Contrairement à l’ancien logo, celui-ci nie que «CNRS» est un sigle résumant un contenu: c’est un nom de marque sans signification, mais qui a un capital de confiance dont on compte tirer profit. En cas de disparition du CNRS, ce logo occultera qu’il s’agit d’un enjeu «national», qu’il est au «centre» de cet enjeu, qu’il s’occupe de «science» et qu’il le fait dans une perspective de «recherche», c’est-à-dire dans le rappel que toute affirmation, des sciences de la nature aux sciences politiques, peut être remise en cause par une découverte. Cette omission n’est pas une contrainte d’encombrement, puisque figure quand même un texte, «dépasser les frontières».
Oui, mais de quoi? Ici le graphisme contredit ce libellé, qui vient butter contre la triple frontière du «n» qu’il n’ose pas dépasser. Le personnel du CNRS est ainsi invité à en sortir, mais pas par le haut, la seule voie libre étant par le bas. A propos de hauteur, l’estime du cabinet pour le CNRS n’est pas très élevée, puisqu’il justifie ainsi son lettrage: «Le choix des caractères en bas de casse pour l’acronyme CNRS permet de démythifier l’organisme.»
Qui veut tuer la qualité de son service public prétend qu’elle est mythique. Ce n’est plus une contradiction du graphisme ici, c’est une intention délibérée de minimiser l’organisme. C’est particulièrement net lorsqu’il est associé à un logo d’une des universités associées au CNRS.
Venons en à la forme du logo. Le cabinet s’en auto-félicite, ignorant le jugement par les pairs, seul admis par son client: «La forme, très novatrice, évoque la matière mise à disposition des chercheurs par notre planète, son environnement et ses ressources. Une matière malléable et souple, prête à se livrer aux savoirs et expertises de la recherche scientifique comme la motte de terre glaise destinée à être travaillée par les mains habiles du sculpteur.» Pour le cabinet, notre planète n’offre aucune résistance à l’expertise scientifique, laquelle ne présente donc aucune difficulté. Cette malléabilité se transmet au CNRS, qu’on prépare à une déformation extrême dans les mains habiles des faiseurs d’opinion.
La raison de cette forme découle en fait d’un problème graphique de départ que l’ancien logo, contrairement au nouveau, avait su résoudre. Le sigle CNRS a la particularité de n’avoir aucune lettre à hampe montante (bdfhklt) ou descendante (gjpqy) ni lettres accentuées.

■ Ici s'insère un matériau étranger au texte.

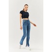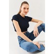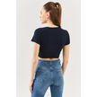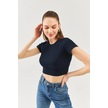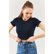 Kadın Kısa Kol Bisiklet Yaka Vücuda Oturan %100 Pamuklu Kaşkorse Esnek Crop Bluz Lacivert
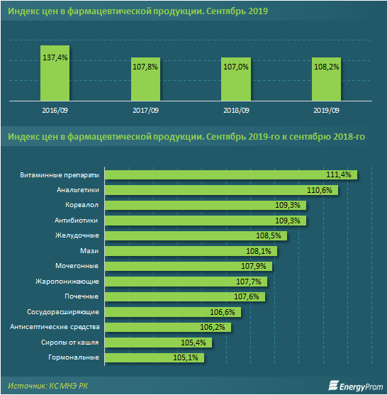 По данным Energyprom.kz, в сентябре 2019 года рост цен на лекарства за год достиг 8,2 процента, годом ранее показатель составлял 7 процентов. Заметнее всего подорожали витамины - на 11,4 процента за год, анальгетики - на 10,6, а также корвалол и антибиотики - на 9,3 процента.

Avec des caractères typographiques, les points hauts des quatre lettres sont donc alignés, les points bas aussi, d’où une forme générale en rectangle, semblable à mille autres. Pour personnaliser le sigle, une solution évidente est d’abandonner complètement la typographie et de réaliser une calligraphie. C’était le choix de l’ancien logo qui allongeait la jambe droite du N pour créer l’élément rythmique manquant. Refusant de dépasser la frontière séparant la typographie de la calligraphie, le nouveau est obligé de créer une béquille, savoir le texte vertical. Dans les petits corps, il est définitivement transformé en canne blanche d’aveugle, solution boiteuse dont la seule justification plausible est l’évocation de l’acuité visuelle des réformateurs du moment.
Le choix de la calligraphie permettait aussi à l’ancien logo d’innover dans le lettrage, ses nouveaux signes sous-tendant l’idée que le CNRS invente de nouveaux outils conceptuels pour exprimer le monde. Le nouveau logo choisit la neutralité d’une police linéale, archi-connue, enfonçant l’image du CNRS dans le conformisme, contrairement à ce qu’annonçait le texte d’accompagnement.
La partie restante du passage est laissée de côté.